The National Mall was the stage for Rededicate 250 this week — a big, White House‑backed prayer and worship gathering meant to mark America’s semiquincentennial by “rededicating our country as One Nation under God.” President Donald Trump sent a video message, top administration officials spoke, Christian musicians led worship, and thousands of Americans showed up. The event was livestreamed across several conservative and faith networks so people around the country could tune in.

On the Mall: speakers, worship, and live coverage

Rededicate 250 featured headlines you don’t see every day on the National Mall: a recorded address from President Donald Trump, Secretary of State Marco Rubio on stage, Vice President J.D. Vance and Secretary of Defense Pete Hegseth listed as participants, and Speaker Mike Johnson in the program lineup.
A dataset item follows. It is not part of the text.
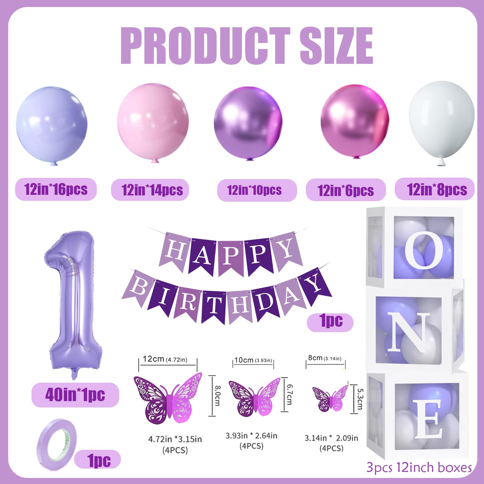 【VALUABLE PACK】60pcs 1st birthday decorations girl include: 40inch purple 1 balloon, purple HAPPY BIRTHDAY banner, 16pcs 12inch pastel purple balloons, 14pcs 12inch pastel pink balloons, 10pcs 12inch purple balloons, 6pcs 12inch metallic pink balloons,8pcs 12inch pastel white balloons, 12pcs 3D purple butterflies stickers,3pcs clear balloon box with "one" stickers and 1 roll ribbon.

Worship leaders like Chris Tomlin and faith figures led music and prayer. Media outlets and partners ran live streams so the program was available nationwide, and local officials reported thousands — some outlets said many tens of thousands — gathered on the Mall for the main program and related events.

Why Rededicate 250 matters: faith, patriotism, and the semiquincentennial

The event was advertised as a day of Scripture, testimony, prayer and thanksgiving tied to the 250th anniversary of our founding. That matters because millions of Americans mix faith and patriotism every day. This gathering was meant to be voluntary and public, not a government liturgy. Organizers say Freedom 250 put the program together, separate from the congressionally chartered America250 Commission. Still, a White House nod and top officials’ involvement make it a guaranteed headline grabber — and not just for the friendly press.

The predictable political backlash and the Schiff inquiry

No big public gathering goes unpicked these days. Senator Adam Schiff and other Democrats launched an inquiry into Freedom 250 and donor ties, asking for documents and donor lists and warning about the “blurring” of lines between private fundraising and access to officials. Civil‑liberties groups also criticized the program as too Christian‑centric. Fine — transparency is sensible. But let’s not pretend the people raising questions are only worried about principle. When a prayer rally draws big names and big cameras, partisan politics follows, and some critics leap from caution to a full moral panic faster than you can say “livestream.”

My take: let Americans pray, and demand honest answers

Here’s the common-sense view: Americans have the right to gather and worship publicly, and top officials can attend or send messages. At the same time, public scrutiny of privately run events that intersect with government is reasonable. We can protect religious freedom and expect transparency without turning a prayer meeting into a witch hunt. If Freedom 250 took money and promised pay‑for‑play perks, that deserves exposure. If it simply organized a large, faith‑centered celebration for the nation’s 250th, critics should stop acting surprised and let people of faith celebrate their heritage. The Mall will stay a public square for speech and worship — and the debate over church and state will keep both sides talking. That’s democracy, messy as it is.